* _Problem statement_:
Go through the listing below and repeat it exactly, omitting each picture.
* * * * * * * * *
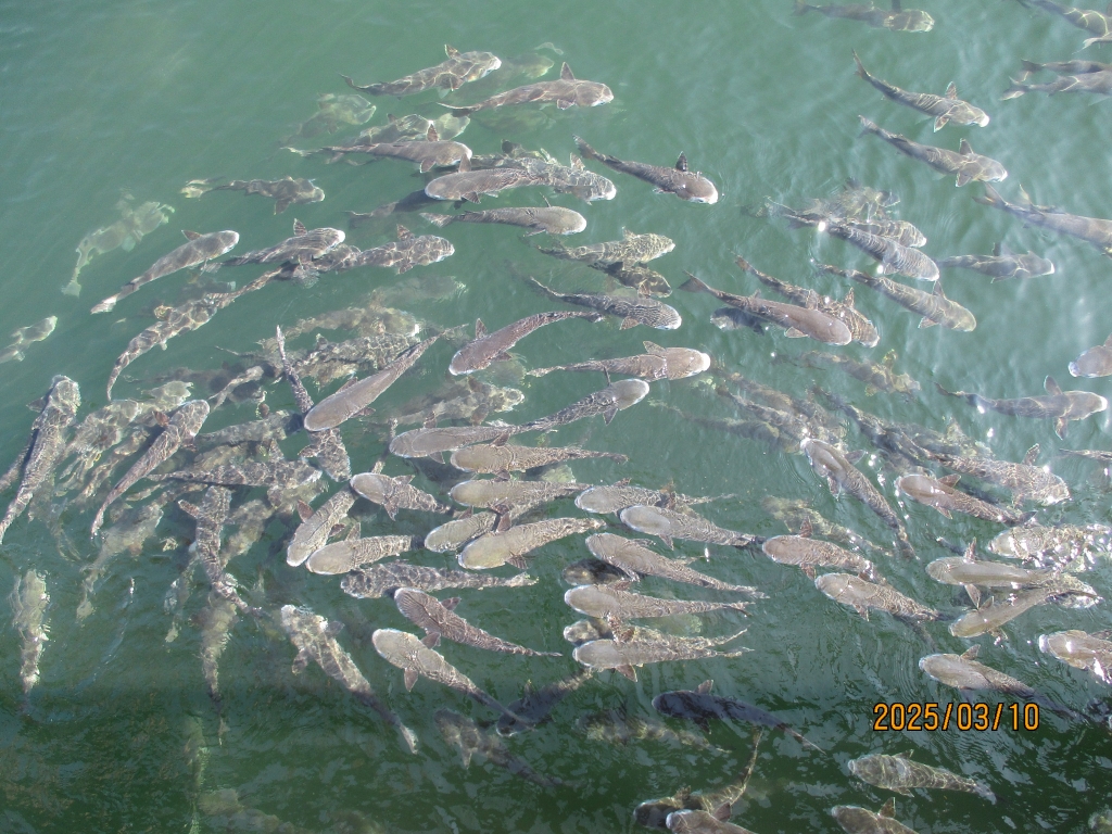 今日はスケスケの潮で大量のボラが水中を縦横無尽に
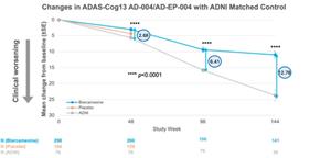 ADAS-Cog13 difference −12.78 (P < 0.0001) with oral blarcamesine treatment compared to ADNI control group at Week 144
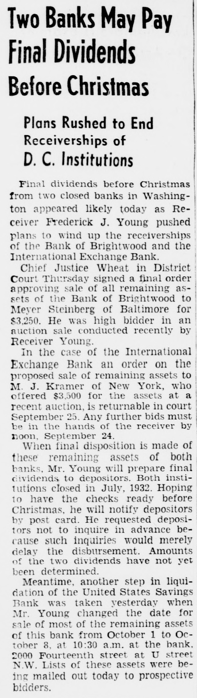 Two Banks May Pay Final Dividends Before Christmas Plans Rushed to End Receiverships of D. C. Institutions Final dividends before Christmas from two closed banks in Washington appeared likely today as Receiver Frederick J. Young pushed plans to wind up the receiverships of the Bank of Brightwood and the International Exchange Bank. Chief Justice Wheat in District Court Thursday signed a final order approving sale of all remaining assets of the Bank of Brightwood to Meyer Steinberg of Baltimore for $3,250. He was high bidder in an auction sale conducted recently by Receiver Young. In the case of the International Exchange Bank an order on the proposed sale of remaining assets to M. J. Kramer of New York, who offered $3,500 for the assets at a recent auction, is returnable in court September 25. Any further bids must be in the hands of the receiver by noon, September 24. When final disposition is made of these remaining assets of both banks, Mr. Young will prepare final dividends to depositors. Both institutions closed in July, 1932. Hoping to have the checks ready before Christmas, he will notify depositors by post card. He requested depositors not to inquire in advance because such inquiries would merely delay the disbursement. Amounts of the two dividends have not yet been determined. Meantime, another step in liquidation of the United States Savings Bank was taken yesterday when Mr. Young changed the date for sale of most of the remaining assets of this bank from October 1 to October 8, at 10:30 a.m. at the bank. 2000 Fourteenth street at U street N.W. Lists of these assets were being mailed out today to prospective bidders.
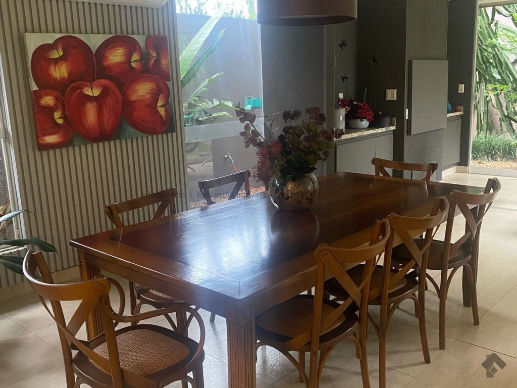 Excelente sobrado em condomínio, contendo três suítes com armários embutidos, sala para três ambientes, cozinha rica em armários, jardim, área gourmet com varanda, área de serviço, lavabo, duas vagas de garagem cobertas e sacada com vista privilegiada para a cidade e aquário do Pantanal.
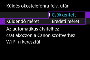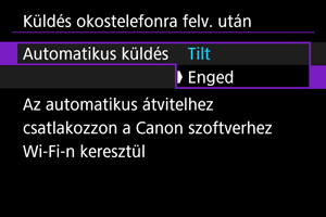 Felvételeit automatikusan is elküldheti okostelefonjára. A lépések végrehajtása előtt győződjön meg róla, hogy a fényképezőgép és az okostelefon csatlakoztatva van-e Wi-Fi-hálózaton keresztül.
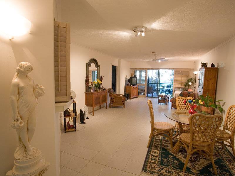 Thinking of retirement, or on your own? Then this apartment may be for you. Situated on the high rise overlooking Noosa River and Noosa Sound with a northern aspect, this apartment has pleasant filtered views through the tall gum trees to Laguna Bay and the North Shore. One often enjoys the company of a koala snuggled into the branches viewed from a large covered entertainment deck.
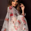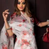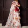 Excellent And Trendy White Coloured Floral Printed Organza Silk Saree
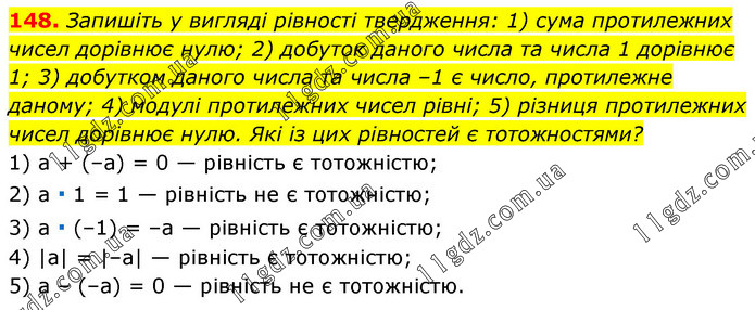 Запишіть у вигляді рівності твердження: 1) сума протилежних чисел дорівнює нулю; 2) добуток даного числа та числа 1 дорівнює 1; 3) добутком даного числа та числа –1 є число, протилежне даному; 4) модулі протилежних чисел рівні; 5) різниця протилежних чисел дорівнює нулю. Які із цих рівностей є тотожностями? 1) а + (–а) = 0 — рівність є тотожністю; 2) а ∙ 1 = 1 — рівність не є тотожністю; 3) а ∙ (–1) = –а — рівність є тотожністю; 4) |а| = |–а| — рівність є тотожністю; 5) а – (–а) = 0 — рівність не є тотожністю.
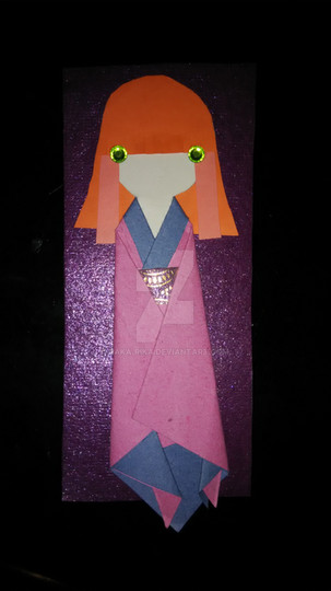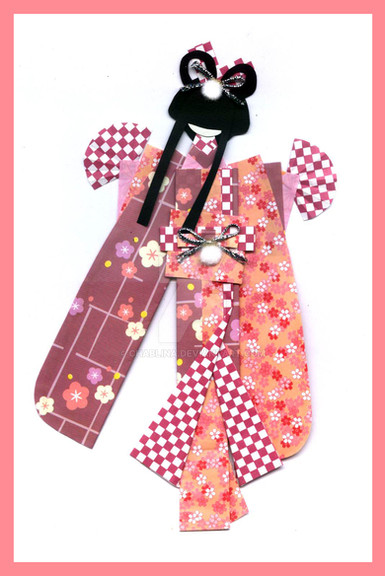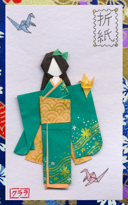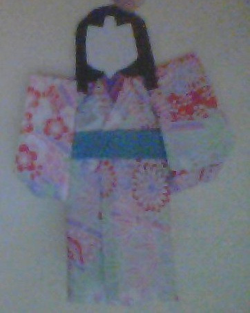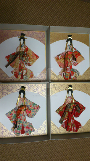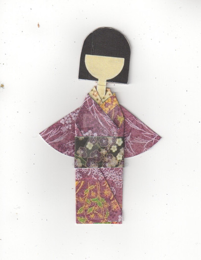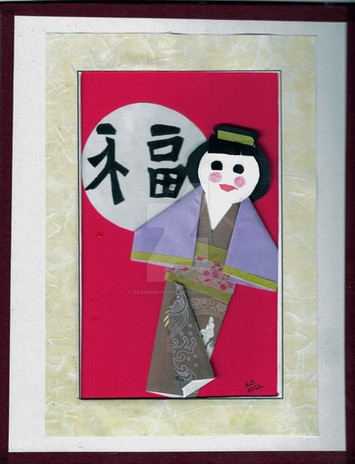 This is a Japanese inspired origami paper doll is adorned with a kimono outfit standing before the Kanji characters for "Good Fortune" that I just finished making. Paper dolls have a long tradition in Japan. The art of making paper was introduced from China to Japan around 6 AD and paper dolls came into being in Japan in the 1500’s. The first paper dolls were mainly fetish spiritual idols or children’s toys and later became more decorative objects. The dolls typically portrayed different aspects of life.
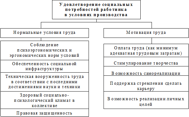 социальные цели – достижение заданной степени удовлетворения социальных потребностей работников.
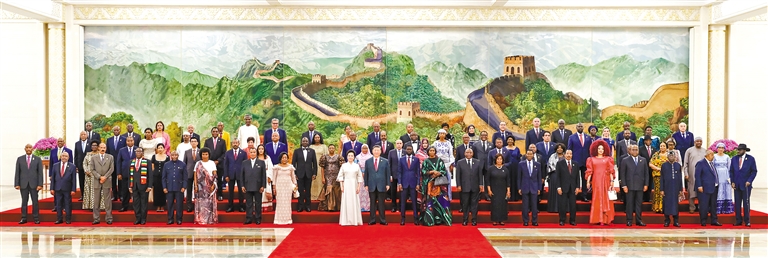 9月的北京,秋高气爽。雄伟的人民大会堂内,中国国旗和中非合作论坛成员国国旗以及非洲联盟旗帜交相辉映。
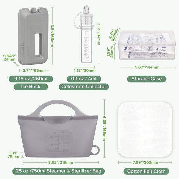 Haakaa Colostrum Essentials Pack: Colostrum Collector 4ml (6pcs) + Steriliser Bag 750ml + Ice Brick
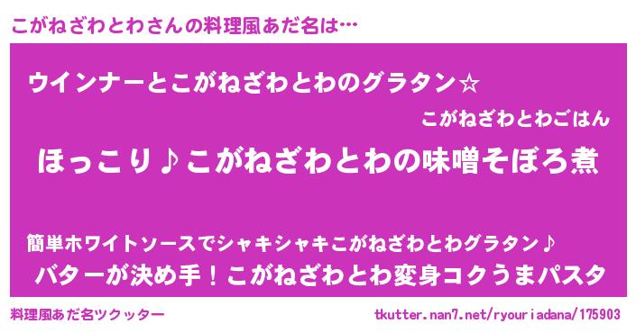 | 胡散臭い通販商品みたいなあだ名 | 『必ず成功するブレスレット…その名も「こがねざわとわ」』 |
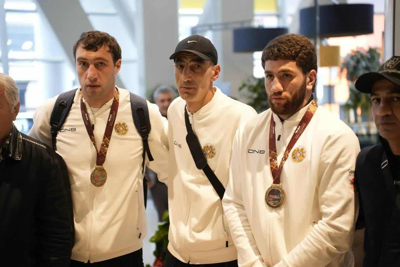 ՍպորտԲռնցքամարտի Հայաստանի մեծահասակների հավաքականը ժամանեց Երևան։ «Զվարթնոց» օդանավակայանում մեր կաշվե ձեռնոցի մարտիկներին դիմավորեցին հարազատներ, մարզասերներ, երկրպագուներ։ ՌՈՒԴԻԿ ՄԿՐՏՉՅԱՆԻ գլխավորությամբ, մեր ընտրանին Դուբայում ավարտված IBA ԱԱ֊ից, հայրենիք է վերադարձել պատմական արդյունքով, առաջին անգամ Աշխարհի առաջնությունից բերելով 5 մեդալ։ Բրոնզե մեդալակիրներ են դարձել ՀՈՎՀԱՆՆԵՍ ԲԱՉԿՈՎԸ, ԴԱՎԻԹ ՉԱԼՈՅԱՆԸ, ՌՈՒԴՈԼՖ ԳԱՐԲՈՅԱՆԸ, ԱՐԹՈՒՐ ԲԱԶԵՅԱՆԸ և ՌԱՖԱՅԵԼ ՀՈՎՀԱՆՆԻՍՅԱՆԸ։
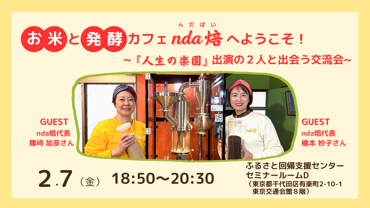 お米と発酵カフェnda焙(んだばい)へようこそ!~『人生の楽園』出演の2人と出会う交流会~
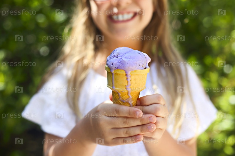 Портрет милой маленькой девочки с забавным выражением лица, держащей рожок мороженого снаружи на фоне яркой природы
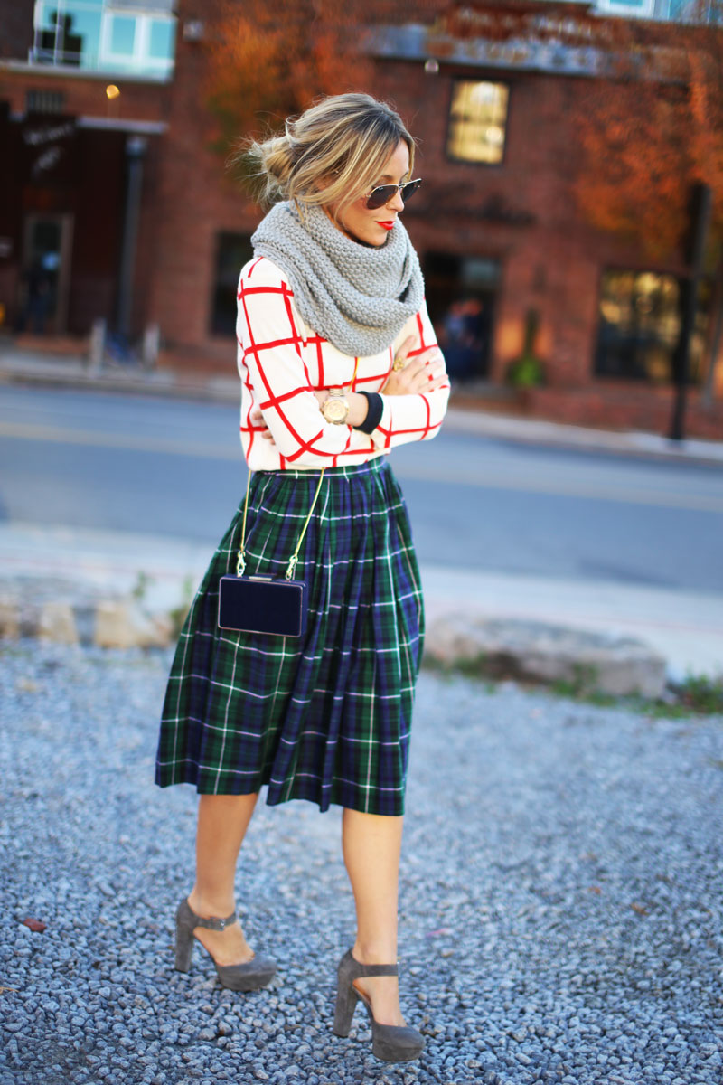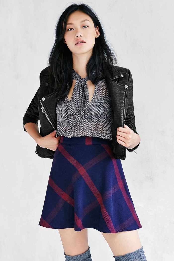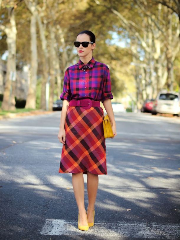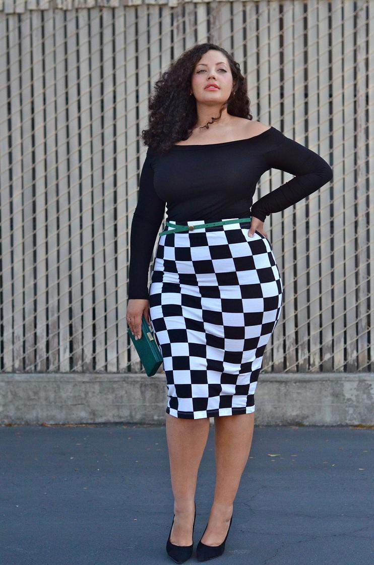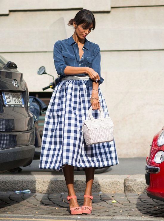 Checkered print is one of those unique designs that looks absolutely harmonious on things of different sizes. Moreover, a correctly selected checkered skirt can visually correct some figure flaws.
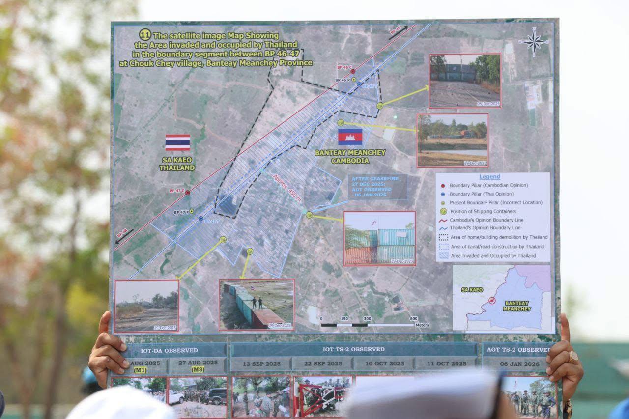 លោកបានបញ្ជាក់ថា នៅពេលដែលប្រតិភូអង្គទូតចុះពិនិត្យជាក់ស្តែង ហើយបានបង្ហាញផែនទីអោយបានដឹងភាគីទាហានថៃ ពិតជារំលោភដែនអធិបតេយ្យភាពកម្ពុជាក្រោយបទឈប់បាញ់គ្នា ហើយបានយកលួសបន្លា និងដាក់កុងតឺន័រព័ទ្ធយកលំនៅឋានប្រជាពលរដ្ឋរហូតចំនួន៦ភូមិ មាន២ភូមិឃុំអូរបីជាន់ ស្រុកអូរជ្រៅ និង៤ភូមិឃុំគោករមៀត ស្រុកថ្មពួក មានផ្ទះប្រជាពលរដ្ឋខ្លះ ត្រូវបានទាហានថៃយកគ្រឿងចក្រឈូសឆាយ និងធ្វើផ្លូវហើយកាយប្រឡាយព័ទ្ធជុំវិញដែលជាអំពើឈ្លានពាន និងរំលោភបូរណភាពទឹកដោយពិតប្រាកដ។
* * * * * * * * *
* _Answer for the task_:
 今日はスケスケの潮で大量のボラが水中を縦横無尽に
 ADAS-Cog13 difference −12.78 (P < 0.0001) with oral blarcamesine treatment compared to ADNI control group at Week 144
 Two Banks May Pay Final Dividends Before Christmas Plans Rushed to End Receiverships of D. C. Institutions Final dividends before Christmas from two closed banks in Washington appeared likely today as Receiver Frederick J. Young pushed plans to wind up the receiverships of the Bank of Brightwood and the International Exchange Bank. Chief Justice Wheat in District Court Thursday signed a final order approving sale of all remaining assets of the Bank of Brightwood to Meyer Steinberg of Baltimore for $3,250. He was high bidder in an auction sale conducted recently by Receiver Young. In the case of the International Exchange Bank an order on the proposed sale of remaining assets to M. J. Kramer of New York, who offered $3,500 for the assets at a recent auction, is returnable in court September 25. Any further bids must be in the hands of the receiver by noon, September 24. When final disposition is made of these remaining assets of both banks, Mr. Young will prepare final dividends to depositors. Both institutions closed in July, 1932. Hoping to have the checks ready before Christmas, he will notify depositors by post card. He requested depositors not to inquire in advance because such inquiries would merely delay the disbursement. Amounts of the two dividends have not yet been determined. Meantime, another step in liquidation of the United States Savings Bank was taken yesterday when Mr. Young changed the date for sale of most of the remaining assets of this bank from October 1 to October 8, at 10:30 a.m. at the bank. 2000 Fourteenth street at U street N.W. Lists of these assets were being mailed out today to prospective bidders.
 Excelente sobrado em condomínio, contendo três suítes com armários embutidos, sala para três ambientes, cozinha rica em armários, jardim, área gourmet com varanda, área de serviço, lavabo, duas vagas de garagem cobertas e sacada com vista privilegiada para a cidade e aquário do Pantanal.
 Felvételeit automatikusan is elküldheti okostelefonjára. A lépések végrehajtása előtt győződjön meg róla, hogy a fényképezőgép és az okostelefon csatlakoztatva van-e Wi-Fi-hálózaton keresztül.
 Thinking of retirement, or on your own? Then this apartment may be for you. Situated on the high rise overlooking Noosa River and Noosa Sound with a northern aspect, this apartment has pleasant filtered views through the tall gum trees to Laguna Bay and the North Shore. One often enjoys the company of a koala snuggled into the branches viewed from a large covered entertainment deck.
 Excellent And Trendy White Coloured Floral Printed Organza Silk Saree
 Запишіть у вигляді рівності твердження: 1) сума протилежних чисел дорівнює нулю; 2) добуток даного числа та числа 1 дорівнює 1; 3) добутком даного числа та числа –1 є число, протилежне даному; 4) модулі протилежних чисел рівні; 5) різниця протилежних чисел дорівнює нулю. Які із цих рівностей є тотожностями? 1) а + (–а) = 0 — рівність є тотожністю; 2) а ∙ 1 = 1 — рівність не є тотожністю; 3) а ∙ (–1) = –а — рівність є тотожністю; 4) |а| = |–а| — рівність є тотожністю; 5) а – (–а) = 0 — рівність не є тотожністю.
 This is a Japanese inspired origami paper doll is adorned with a kimono outfit standing before the Kanji characters for "Good Fortune" that I just finished making. Paper dolls have a long tradition in Japan. The art of making paper was introduced from China to Japan around 6 AD and paper dolls came into being in Japan in the 1500’s. The first paper dolls were mainly fetish spiritual idols or children’s toys and later became more decorative objects. The dolls typically portrayed different aspects of life.
 социальные цели – достижение заданной степени удовлетворения социальных потребностей работников.
 9月的北京,秋高气爽。雄伟的人民大会堂内,中国国旗和中非合作论坛成员国国旗以及非洲联盟旗帜交相辉映。
 Haakaa Colostrum Essentials Pack: Colostrum Collector 4ml (6pcs) + Steriliser Bag 750ml + Ice Brick
 | 胡散臭い通販商品みたいなあだ名 | 『必ず成功するブレスレット…その名も「こがねざわとわ」』 |
 ՍպորտԲռնցքամարտի Հայաստանի մեծահասակների հավաքականը ժամանեց Երևան։ «Զվարթնոց» օդանավակայանում մեր կաշվե ձեռնոցի մարտիկներին դիմավորեցին հարազատներ, մարզասերներ, երկրպագուներ։ ՌՈՒԴԻԿ ՄԿՐՏՉՅԱՆԻ գլխավորությամբ, մեր ընտրանին Դուբայում ավարտված IBA ԱԱ֊ից, հայրենիք է վերադարձել պատմական արդյունքով, առաջին անգամ Աշխարհի առաջնությունից բերելով 5 մեդալ։ Բրոնզե մեդալակիրներ են դարձել ՀՈՎՀԱՆՆԵՍ ԲԱՉԿՈՎԸ, ԴԱՎԻԹ ՉԱԼՈՅԱՆԸ, ՌՈՒԴՈԼՖ ԳԱՐԲՈՅԱՆԸ, ԱՐԹՈՒՐ ԲԱԶԵՅԱՆԸ և ՌԱՖԱՅԵԼ ՀՈՎՀԱՆՆԻՍՅԱՆԸ։
 お米と発酵カフェnda焙(んだばい)へようこそ!~『人生の楽園』出演の2人と出会う交流会~
 Портрет милой маленькой девочки с забавным выражением лица, держащей рожок мороженого снаружи на фоне яркой природы
 Checkered print is one of those unique designs that looks absolutely harmonious on things of different sizes. Moreover, a correctly selected checkered skirt can visually correct some figure flaws.
 លោកបានបញ្ជាក់ថា នៅពេលដែលប្រតិភូអង្គទូតចុះពិនិត្យជាក់ស្តែង ហើយបានបង្ហាញផែនទីអោយបានដឹងភាគីទាហានថៃ ពិតជារំលោភដែនអធិបតេយ្យភាពកម្ពុជាក្រោយបទឈប់បាញ់គ្នា ហើយបានយកលួសបន្លា និងដាក់កុងតឺន័រព័ទ្ធយកលំនៅឋានប្រជាពលរដ្ឋរហូតចំនួន៦ភូមិ មាន២ភូមិឃុំអូរបីជាន់ ស្រុកអូរជ្រៅ និង៤ភូមិឃុំគោករមៀត ស្រុកថ្មពួក មានផ្ទះប្រជាពលរដ្ឋខ្លះ ត្រូវបានទាហានថៃយកគ្រឿងចក្រឈូសឆាយ និងធ្វើផ្លូវហើយកាយប្រឡាយព័ទ្ធជុំវិញដែលជាអំពើឈ្លានពាន និងរំលោភបូរណភាពទឹកដោយពិតប្រាកដ។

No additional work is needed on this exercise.